The "Renovias" data looks like this:
(https://i.stack.imgur.com/fR9La.png)
First 12 rows:
Date Leves Pesados Q1 Q2 PIB JAN FEV MAR ABR MAI JUN JUL AGO SET OUT NOV Crise Greve CES 01/04/1999 1106640.5 758932 1 0 60123.20 0 0 0 1 0 0 0 0 0 0 0 0 0 0 01/05/1999 1218219.5 827682 1 0 60957.24 0 0 0 0 1 0 0 0 0 0 0 0 0 0 01/06/1999 1109770.5 774122 1 0 62562.70 0 0 0 0 0 1 0 0 0 0 0 0 0 0 01/07/1999 1222242.5 757961 1 0 61539.71 0 0 0 0 0 0 1 0 0 0 0 0 0 0 01/08/1999 1078172.5 880780 1 0 61903.36 0 0 0 0 0 0 0 1 0 0 0 0 0 0 01/09/1999 1120372.5 863346 1 0 60594.21 0 0 0 0 0 0 0 0 1 0 0 0 0 0 01/10/1999 1149853.5 869919 1 0 63358.14 0 0 0 0 0 0 0 0 0 1 0 0 0 0 01/11/1999 1094217.0 818265 1 0 65177.98 0 0 0 0 0 0 0 0 0 0 1 0 0 0 01/12/1999 1227005.0 821046 1 0 64274.77 0 0 0 0 0 0 0 0 0 0 0 0 0 0 01/01/2000 1160712.5 780890 1 0 59871.67 1 0 0 0 0 0 0 0 0 0 0 0 0 0 01/02/2000 1015884.0 794188 1 0 59273.23 0 1 0 0 0 0 0 0 0 0 0 0 0 0 01/03/2000 1152619.0 843165 1 0 59664.81 0 0 1 0 0 0 0 0 0 0 0 0 0 0
The script:
library(openxlsx)
library(egcm)
library(aTSA)
library(nortest)
library(data.table)
library(dynamac)
library(AER)
library(dynlm)
library(readxl)
library(stargazer)
library(scales)
library(urca)
library(dLagM)
library(dplyr)
library(ggfortify)
library(data.table)
library(nardl)
library(zoo)
library(vars)
library(neuralnet)
library(DMwR2)
library(TTR)
library(quantmod)
library(PerformanceAnalytics)
library(ggplot2)
library(writexl)
library(tseries)
library(ecm)
library(knitr)
library(plotly)
library(tictoc)
library(ARDL)
#DADOS ----
Renovias <- read_excel("Ecopistas/ABCR/data.xlsx", sheet = "Renovias", range = "A1:t298")

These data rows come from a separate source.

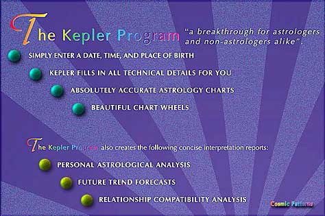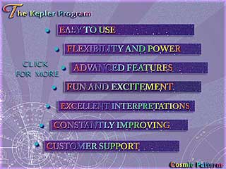 A complete self-guided learning system, comprehensive reference materials, 450 beautiful graphic images, over 7,000 birth data of famous people and businesses, superb research capabilities, and the "Live Mini Reading", a personal astrological analysis that is heard on the computer speakers with background music and accompanying pictures make the Kepler program exciting and useful for the entire family. |
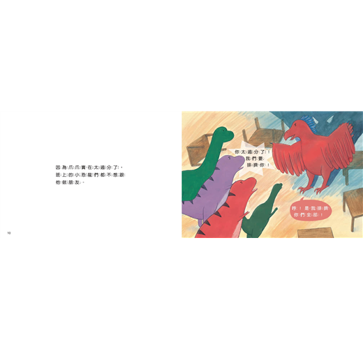 很快的,爪爪就被全班同學討厭了,沒有恐龍想跟他一起玩、也不想幫他的忙。
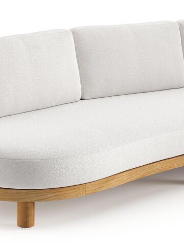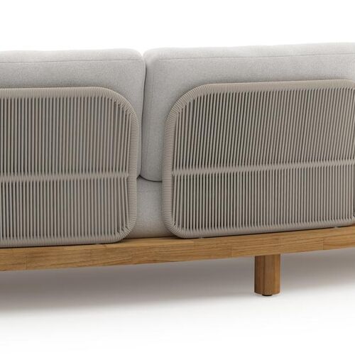 Donato loungebank in teak en beige verticaal geweven ronde rope met all weather solica Soul Optik kussen | Exterioo
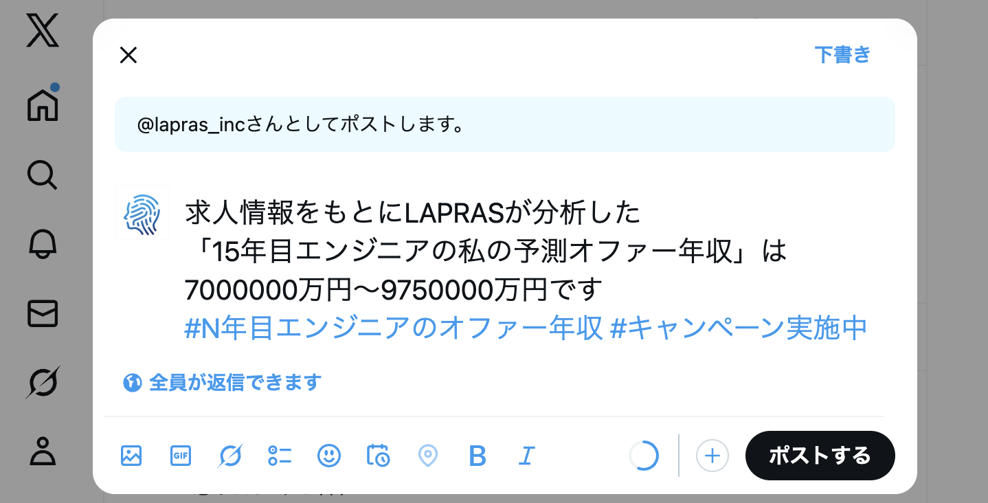 ※ 必ずLAPRASに連携している X で「#N年目エンジニアのオファー年収 #キャンペーン実施中」のハッシュタグ を入れたままポストしてください。
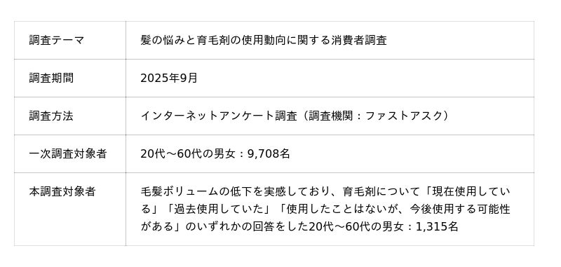 化粧品や健康食品の原料となる天然由来成分を製造する丸善製薬株式会社(広島県尾道市、代表取締役社長:日暮 泰広)は、20代~60代の男女を対象に、育毛剤の使用経験や購入手段、購入時のポイント、使用感の好み、使用期間などについてインターネットアンケート調査を実施しました。
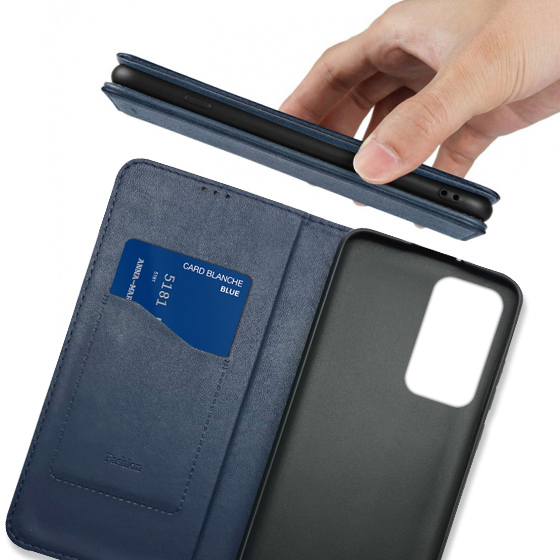 Внутрішня вкладка чохла-книжки виконана з міцного, цупкого, еластичного силікону темно-синього кольору. Вкладка щільно облягає смартфон, запобігаючи його вислизанню з чохла і забезпечуючи захист телефону від бічних ударів.
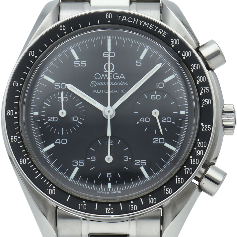 オメガを代表する人気シリーズ「スピードマスター」。プラ風防を使用したレトロな雰囲気かつシンプルにまとまったデザインがスタイルを選ばずにご使用いただけます。
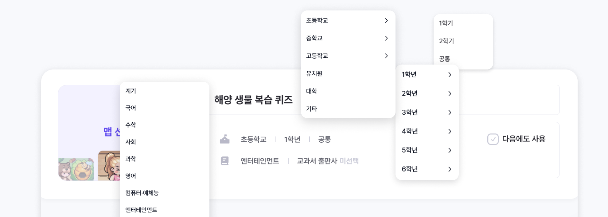 교육과정 정보를 통해 퀴즈 자료실에서 더욱 편리하게 퀴즈를 탐색할 수 있도록 빠른 시일 내에 개선할 예정입니다.
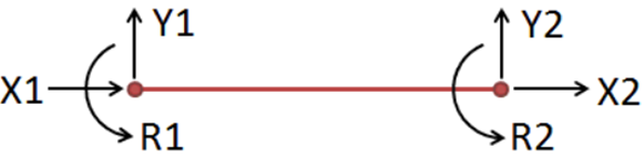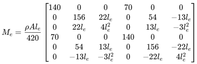 \[ K_e = \begin{bmatrix} \frac{AE}{L} & 0 & 0 & -\frac{AE}{L} & 0 & 0 \\ 0 & \frac{12EI}{L^3} & \frac{6EI}{L^2} & 0 & -\frac{12EI}{L^3} & \frac{6EI}{L^2} \\ 0 & \frac{6EI}{L^2} & \frac{4EI}{L} & 0 & -\frac{6EI}{L^2} & \frac{2EI}{L} \\ -\frac{AE}{L} & 0 & 0 & \frac{AE}{L} & 0 & 0 \\ 0 & -\frac{12EI}{L^3} & -\frac{6EI}{L^2} & 0 & \frac{12EI}{L^3} & -\frac{6EI}{L^2} \\ 0 & \frac{6EI}{L^2} & \frac{2EI}{L} & 0 & -\frac{6EI}{L^2} & \frac{4EI}{L} \end{bmatrix} \] |
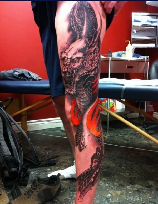 霸气的腿部纹身之满腿的龙纹身_龙纹身图案大全_纹身图吧
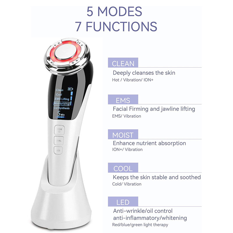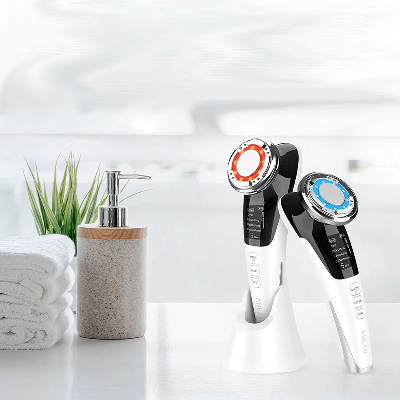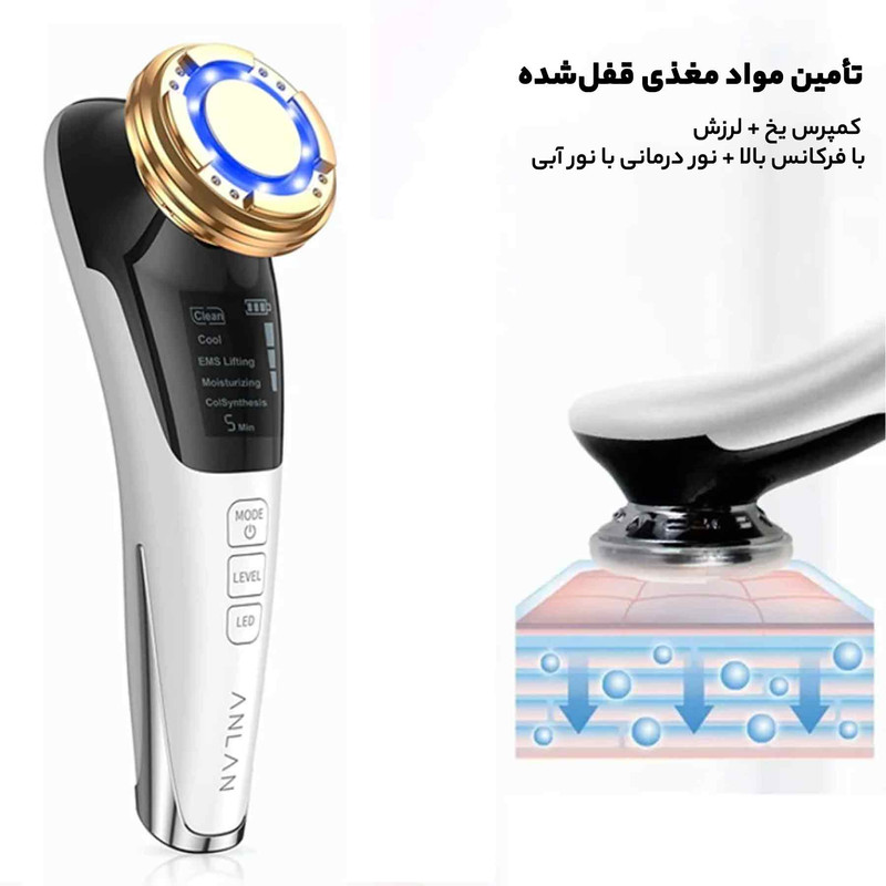 ماساژور صورت ANLAN Facial محصولی با قابلیت های فوق العاده است که علاوه بر ماساژ، رفع خستگی و پاکسازی پوست شامل قابلیت هایی چشم گیر می باشد که میتواند برای مراقبت از پوست صورت مورد استفاده قرار گیرد. از جمله قابلیت های این دستگاه میتوان به مواردی که در ادامه ذکر می شود اشاره کرد. 1- کمپرس گرم پوست با دمای 38 تا 42 درجه: این حالت می تواند گردش خون را بهبود بخشد، چین و چروک و پوست حساس را از بین ببرد شما با 3 دقیقه کمپرس گرم میتوانید گردش خون پوست خود را بهبود بخشید. 2- کمپرس سرد با دمای 6 تا 12درجه: این حالت با ایجاد حس سرما رطوبت و مواد مغذی را در پوست ماندگارتر می کند و منافذ را اصلاح می کند. شما با 2 دقیقه کمپرس سرد میتوانید به از بین بردن سریع تر آکنه و قرمزی در پوست حساس کمک کنید 3- حالت نور قرمز با طول موج 622 نانومتر: این حالت بیشتر مناسب پوست های آسیب دیده است و به کاهش و بهبود چروک های صورت و بازسازی پوست کمک میکند. 4- حالت نور آبی با طول موج 465 نانومتر: این حالت بیشتر مناسب بهبود آکنه ی پوست می باشد و به بهبود التهاب آن کمک می کند. 5- یون مثبت: یون + ، یون های منفی پوست را جذب می کند، چربی پوست، کثیفی، سموم و جوش های سرسیاه پوست را کاهش می دهد و کانال های پوست را پاکسازی می کند تا از انسداد منافذ جلوگیری کند. 6- یون منفی: یون - ، کرم یا لوسیون مد نظر شما را را تحت فشار قرار می دهد تا وارد بافت زیر جلدی پوست شود تا بخوبی جذب لایه های زیرین پوست شود که میتواند به صاف ماندن پوست شما کمک کند. 7- ماساژ ems: دراین حالت با اعمال جریان الکتریکی ضعیف سلول های عضلانی صورت را فعال می کند و متابولیسم را بهبود می بخشد و ماساژ ارتعاشی صوتی با سرعت 10000 بار در دقیقه چین و چروک و پف پوست را کاهش می دهد.

data <- Renovias[c(1:(nrow(Renovias)-48)),-1]
d_Leves = diff(data$Leves)
d_Pesados = diff(data$Pesados)
d_PIB = diff(data$PIB)
d_data = data[-1,]
d_data$Leves = d_Leves
d_data$Pesados = d_Pesados
d_data$PIB = d_PIB
#LEVES ------
newdata_leves <- Renovias[c((nrow(data)):nrow(Renovias)), c(4:19)]
PIBdn = diff(newdata_leves$PIB)
newdata_leves = newdata_leves[-1,]
newdata_leves$PIB = PIBdn
transposed_newdata_leves <- t(newdata_leves)

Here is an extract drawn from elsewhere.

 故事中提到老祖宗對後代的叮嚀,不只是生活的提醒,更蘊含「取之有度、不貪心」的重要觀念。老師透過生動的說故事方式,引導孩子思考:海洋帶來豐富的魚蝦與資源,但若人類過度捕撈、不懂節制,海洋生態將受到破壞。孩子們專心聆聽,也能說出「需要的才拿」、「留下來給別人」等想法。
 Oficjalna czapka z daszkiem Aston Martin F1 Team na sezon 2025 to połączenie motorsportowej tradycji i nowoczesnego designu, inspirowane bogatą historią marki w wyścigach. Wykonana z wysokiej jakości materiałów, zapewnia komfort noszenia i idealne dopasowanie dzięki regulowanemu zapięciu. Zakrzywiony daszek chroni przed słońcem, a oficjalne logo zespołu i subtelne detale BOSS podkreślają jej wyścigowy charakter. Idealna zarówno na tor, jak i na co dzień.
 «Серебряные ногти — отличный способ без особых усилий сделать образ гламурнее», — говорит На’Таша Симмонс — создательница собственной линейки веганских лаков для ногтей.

model_leves = dLagM::ardlDlm(formula = Leves ~ PIB +
JAN + FEV + MAR + ABR + MAI + JUN +
JUL + AGO + SET + OUT + NOV + Crise + Greve + Q1 + Q2,
data = d_data, p = 1, q = 2,
remove = list(p = list(JAN=c(1:1),FEV=c(1:1),MAR=c(1:1), ABR=c(1:1),
MAI=c(1:1), JUN=c(1:1),JUL=c(1:1), AGO=c(1:1),
SET=c(1:1), OUT=c(1:1),NOV=c(1:1), Crise = c(1:1),
Greve=c(1:1), Q1 = c(1:1), Q2 = c(1:1)
)))
summary(model_leves)
MAPE(model_leves)
model_leves[["model"]][["coefficients"]][is.na(model_leves[["model"]][["coefficients"]])] <- 0
prediction_leves <- forecast(model = model_leves,
x = transposed_newdata_leves,
h = nrow(newdata_leves), interval = TRUE, level = 0.95, nSim = 1000)
I'm sorry I can't give the full data, it's a problem I'm having on work so anything further is really confidential.